U.S. map showing more precipitation falling during very heavy events
Percentage increases in the amount of precipitation falling in very heavy events (defined as the heaviest 1% of all daily events) from 1958 to 2012. Globalchange.gov

We found that one-third of annual total runoff and nitrogen leaching loss come from heavy rainfall events, which happen on only about nine days per year on average across the basin. Nearly half to three-quarters of heavy rainfall in the basin occurs in spring and summer, with a monthly peak in May.

This timing coincides with the planting and seed germinating stages of corn, when the plants are using minimal amounts of nitrogen. We wondered whether changing when and how farmers apply fertilizer could reduce nitrogen runoff.

When to fertilize

When during the year to apply fertilizer is a long-standing question in both precision agriculture and environmental science. Midwest farmers apply over 90% of nitrogen fertilizer before crops germinate in springtime and after harvesting. This means that a fair amount of available nitrogen accumulates in the soil before crops start taking it up. When heavy rainfalls occur, it is likely to be washed out.

We set up modeling experiments to test whether postponing fertilizer application could make the water running off of farmlands cleaner. In our alternative fertilizer management scenario, we assumed fertilizer was applied only twice, after crops developed. We expected this would reduce the amount of unused nitrogen accumulating in soils.

Our results predicted that this modification could reduce nitrogen loading to the Gulf of Mexico by up to 16%. This would be a significant step toward goals set by the U.S. Environmental Protection Agency, which is working with states to reduce nutrient loads entering the Gulf of Mexico by 20% by 2025 and 45% by 2035.

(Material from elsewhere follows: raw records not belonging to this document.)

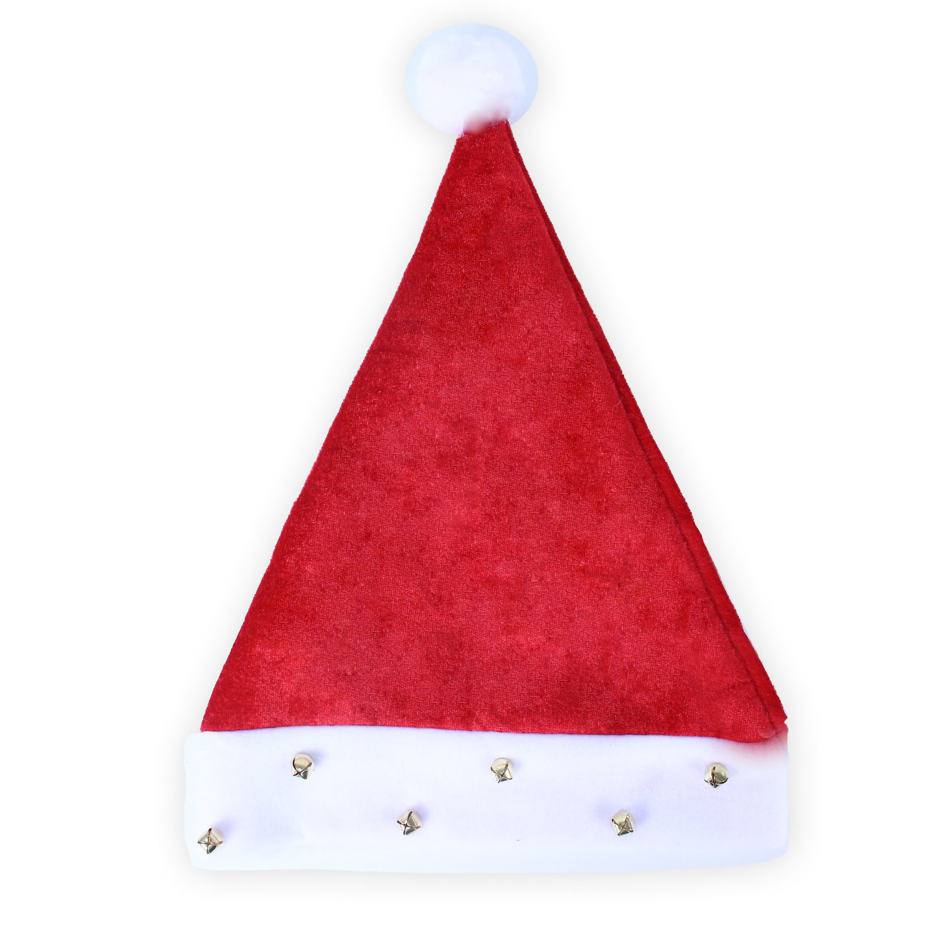 Stylová vánoční čepice s bílým lemováním, zdobená rolničkami a bambulkou. Ideální doplněk ke kostýmu nebo jen tak na vánoční večírek!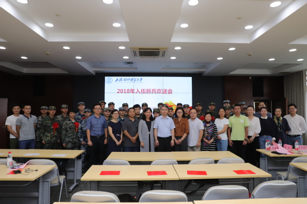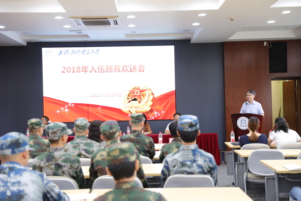 9月17日上午, 2018年新兵入伍欢送会在图文信息楼503举行,校党委副书记、副校长祁明,武装部部长许继亮,各学院党委(总支)副书记、辅导员,全体入伍新兵及部分家长出席欢送会?;嵋橛裳Чげ扛辈砍こ掠被灾鞒?。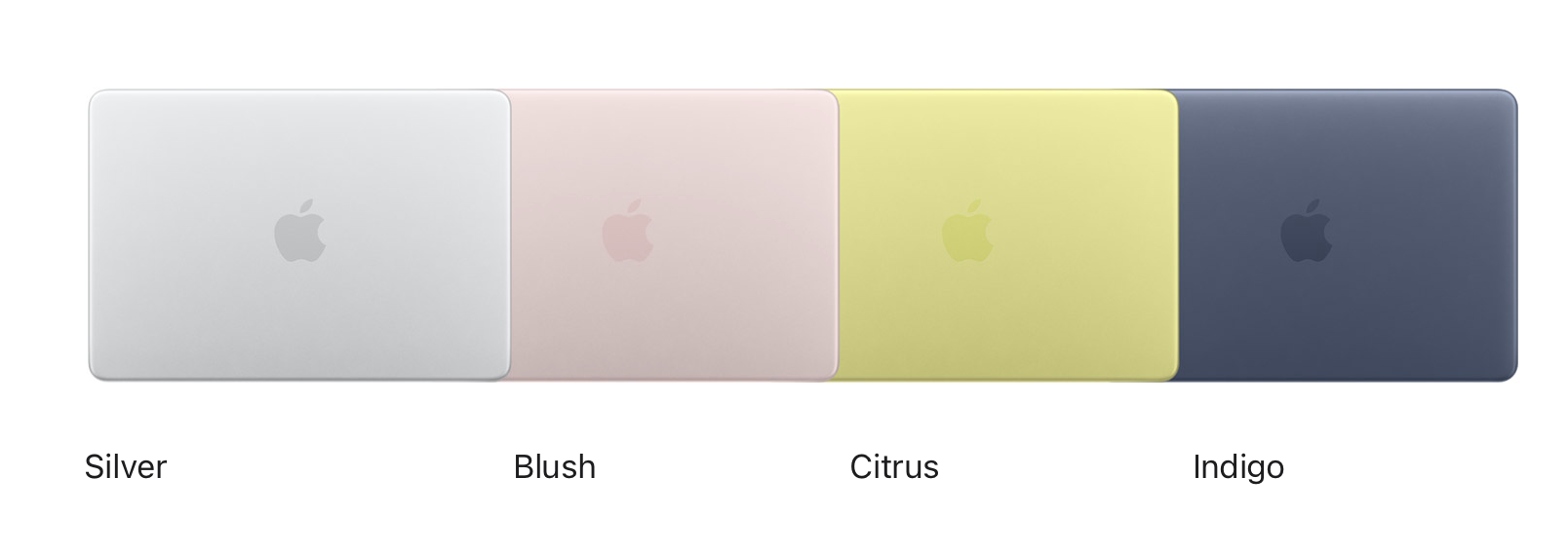 По суті є 4 кольори і дві версії — на 256 ГБ та 512 ГБ, у обох версіях 8 ГБ RAM. Дисплей — 13 дюймів Liquid Retina, 2 USB-C, MagSafe немає.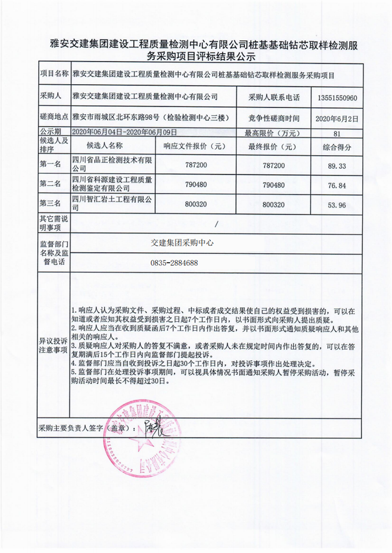 雅安交建集團建設工程質(zhì)量檢測中心有限公司樁基基礎鉆芯取樣檢測服務采購項目評標結(jié)果公示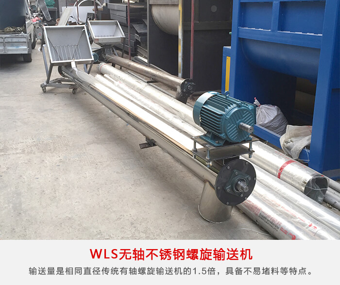 采用無軸設計,主要用來輸送易于纏繞、粘度高的物料,輸送長度可以達到60m,輸送量是相同直徑傳統有軸螺旋輸送機的1.5倍,具備不易堵料、性好、輸送高效、能耗低的特點。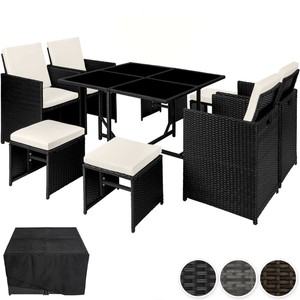 Amazon De Casaria Poly Rattan Sitzgarnitur Cube 7cm Dicke Auflagen 4 Stuhle 4 Hocker Tisch 9 Tlg Sitzgruppe Gartenmobel Set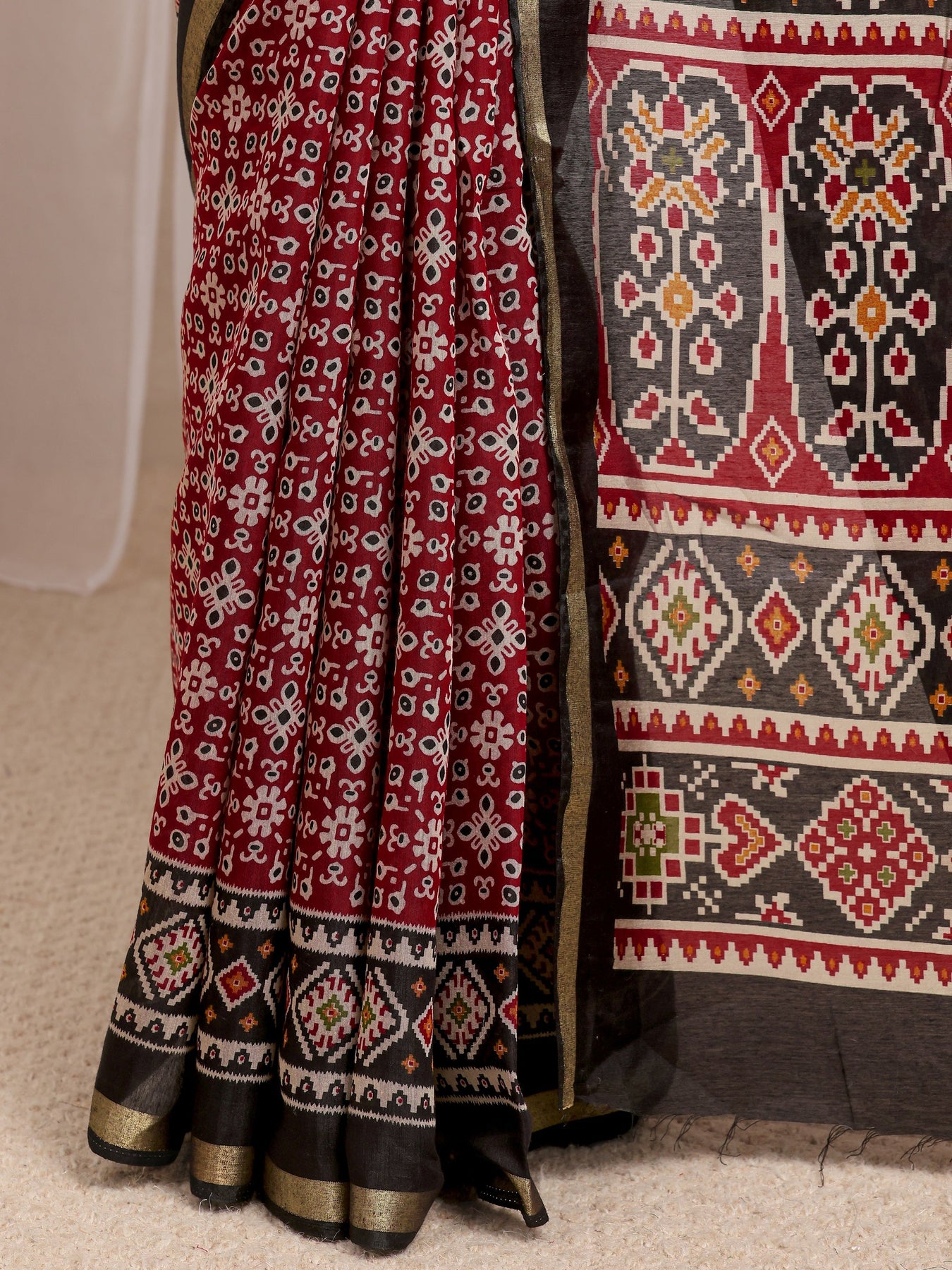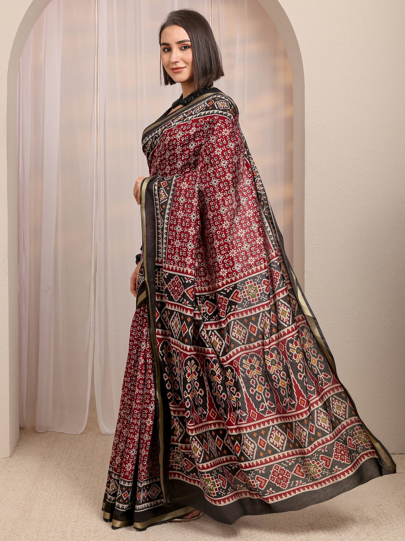 Our maroon printed silk blend saree features a captivating Ikat design inspired by the traditional Sambalpuri saree. Complemented with a Unstitched blouse piece. This charming saree is perfect for festive occasions.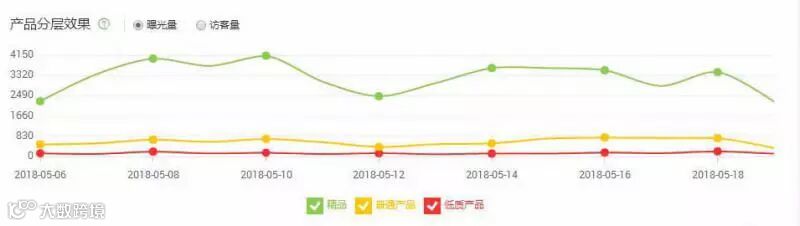 在产品的曝光量方面:精品的曝光量>>普通产品>低质产品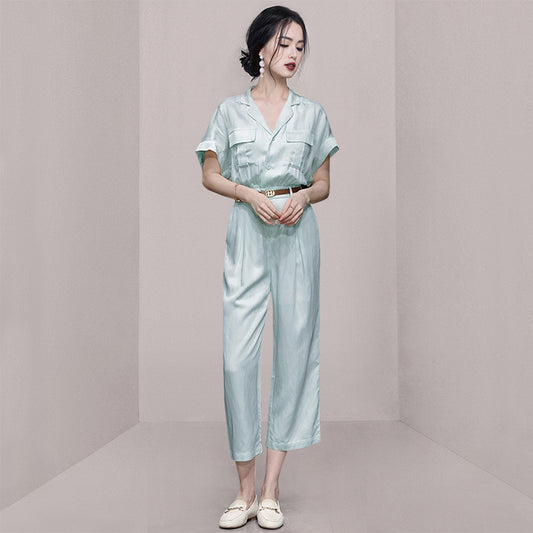 Summer women's new light blue tooling wind cotton and linen jumpsuit jumpsuit wide-leg pants nine-point pants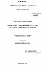 Формирование и использование финансовых ресурсов муниципальных образований тема диссертации по экономике, полный текст автореферата
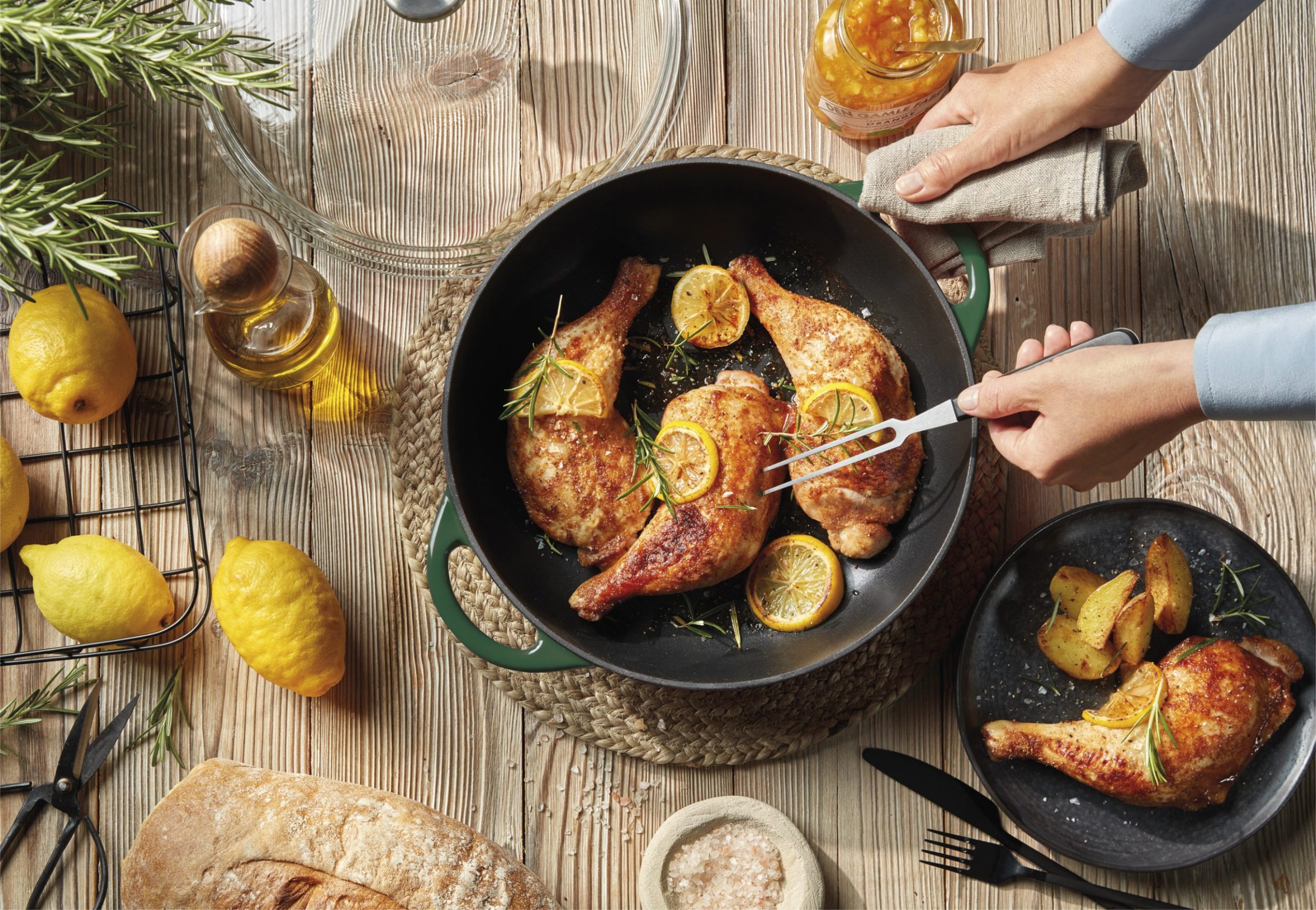 Von der Sonne verwöhntes Gemüse, Lammfleisch aus dem Hochland, Fisch und Meeresfrüchte – das alles bietet die Provence, nach der die Gusseisen-Serie benannt ist. Vielseitig, leicht und gesund ist die Küche dieser südfranzösischen Region. Die hochwertigen Zutaten werden schonend verarbeitet. In dieser Tradition steht die KÜCHENPROFI Guss-Kollektion PROVENCE. Das Gusseisen nimmt die Hitze schnell auf und verteilt sie optimal. So können Sie nach kurzer Zeit die Energiezufuhr reduzieren – das spart Strom und erhält das Aroma Ihrer Lebensmittel. Die PROVENCE-Kochgeschirre sind für alle Herdarten inklusive Induktion und auch für den Grill geeignet, die Knöpfe bis 250° C backofenfest. Das ebenso schlichte wie durchdachte Design mit den handlichen Knöpfen und ergonomischen Griffen macht sich gut auf jeder Tafel.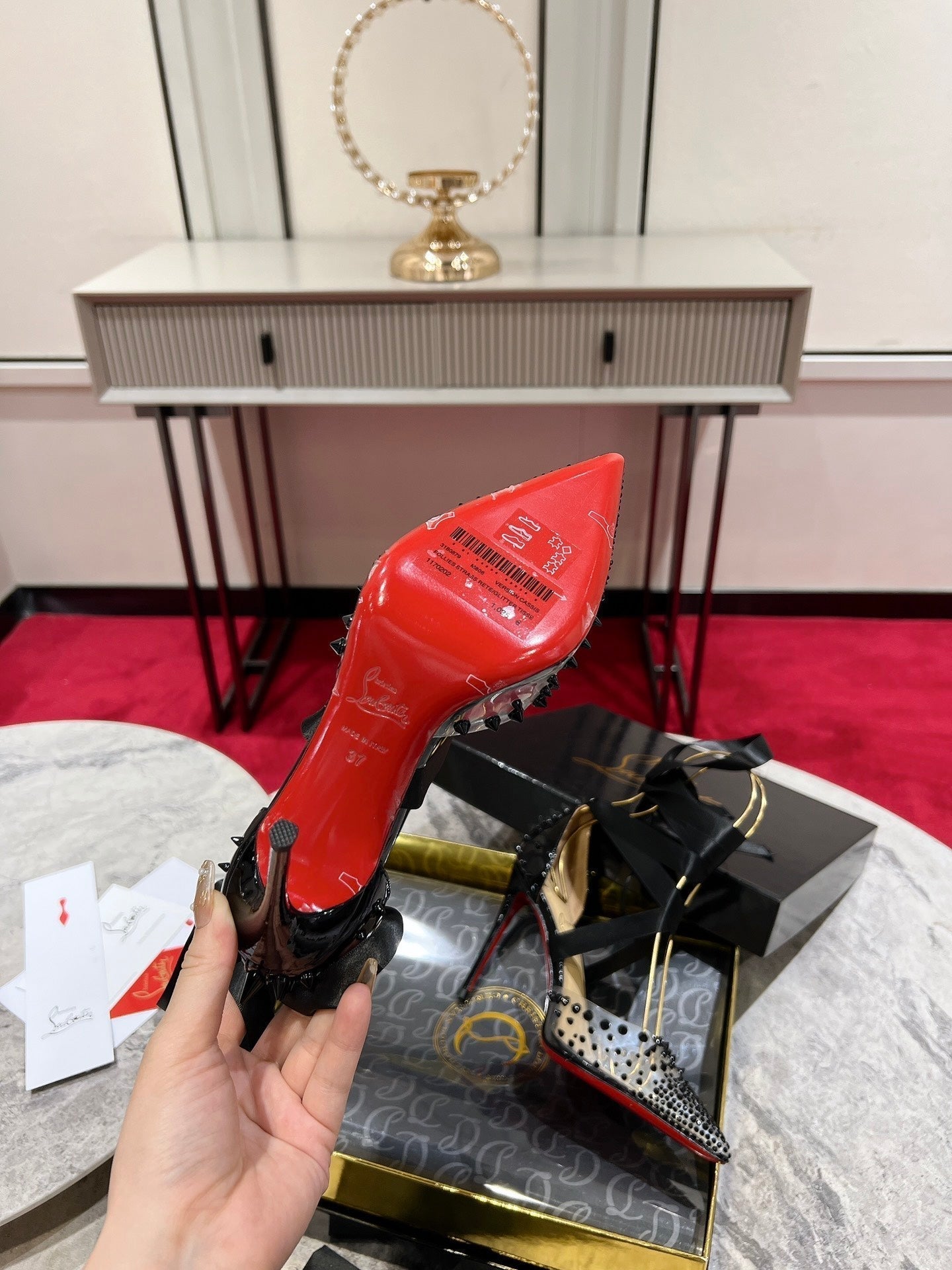 CL Mechante Reine Pumps 100mm Spike Patent PVC Black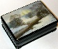 This gorgeous box by S. Parmeonov of Fedoskino depicts the clarity and beauty of a winter day. The scene depicts a frozen, icy river and the surrounding landscape filled with trees and snowdrifts. The landscape is lyrical and romantic. Snow-covered trees, with delicate lace-like branches, rolling hills covered with thick snow create a harmonious image. The scene is painted mostly in white and gray-bluish tones, which in the best way possible can help to reproduce the atmosphere of a winter day. The palette is soft and cool, and you can almost feel the chilly air. The artist does a nice job creating the look of snow on the trees, and the reflection of the bank on the icy river. Mother-of-pearl creates the depth of the sky and the brilliance of sunrays fighting through dense gray clouds. The snow looks very soft, as if it were untouched all winter. Breathtaking landscape!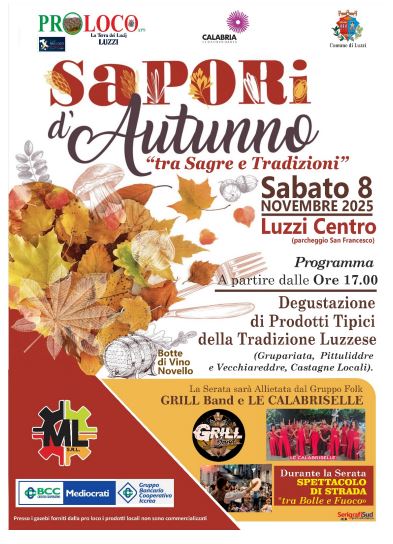 Sabato 8 novembre la Pro Loco “La Terra dei Lucij”, con il patrocinio del Comune di Luzzi – Dipartimento Sport e Spettacolo, organizza la 6ª edizione della “Sagra dei Sapori d’Autunno”, un appuntamento ormai tradizionale che celebra i profumi e i sapori tipici della stagione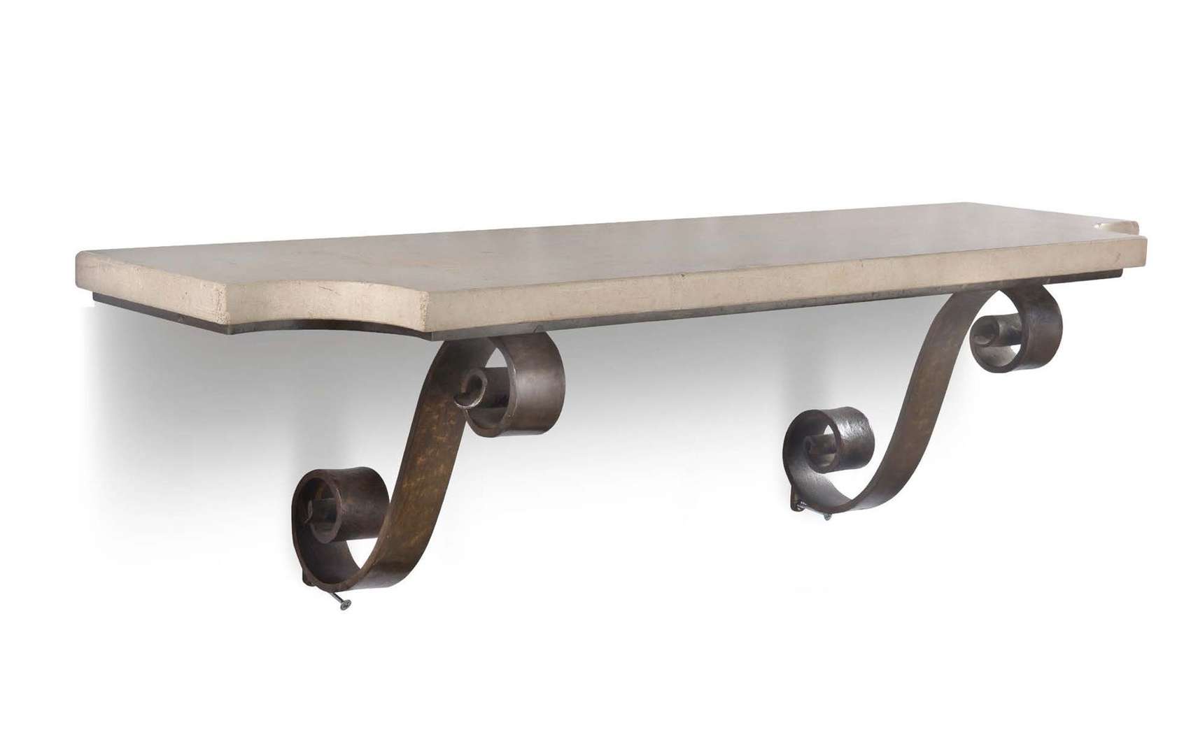 A wall console, c. 1938, hammered iron and patinated copper structure, stone top.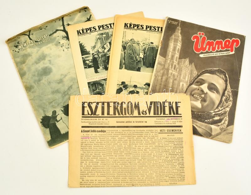 1938 Vegyes a felvidék visszatérésével foglalkozó korabeli nyomtatvány tétel, 5 db, (Ünnep V. évf. 22. sz., Esztergom és vidéke 59. évf. 87. sz., Nemzeti Ujság 1938. november 20., Képes Hírlap LXI. évf. 152.,188. szám), változó, többnyire szakadozott állapotban.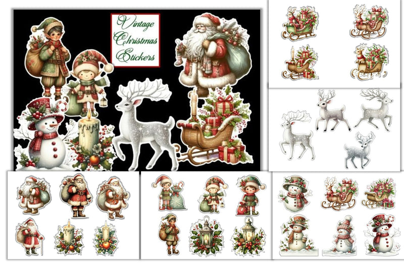 Vintage Christmas Stickers Clipart Bundle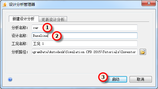 3. 在“设计分析管理器”中,为设计分析、设计和工况指定名称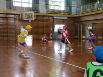 体育では、宝運び鬼をしています。最高得点のレインボースターを獲得するために、チームで協力しながら取り組んでいます。互いに声を掛け合い、よりよい作戦を見いだそうとする子供たちです。

However, even under the postponed fertilizer application scenario, we still found the frequent heavy rains in the recent decade could enhance nitrogen loss during summer and early fall. Scientists predict that if climate change continues at its current rate, it will cause more extreme rainfall events in the Midwest, which, we think, would reduce environmental benefits from alternative nitrogen management practices.

Reducing the amount of nitrogen that escapes from land into water bodies while maintaining food production is a significant challenge. Our study complements the well-known 4R concept for managing nutrients: Using the right fertilizer product, at the right rate, at the right time, and in the right place. To get that timing right, our research shows that along with crop nitrogen demand, farmers should also consider the occurrence of heavy rainfall.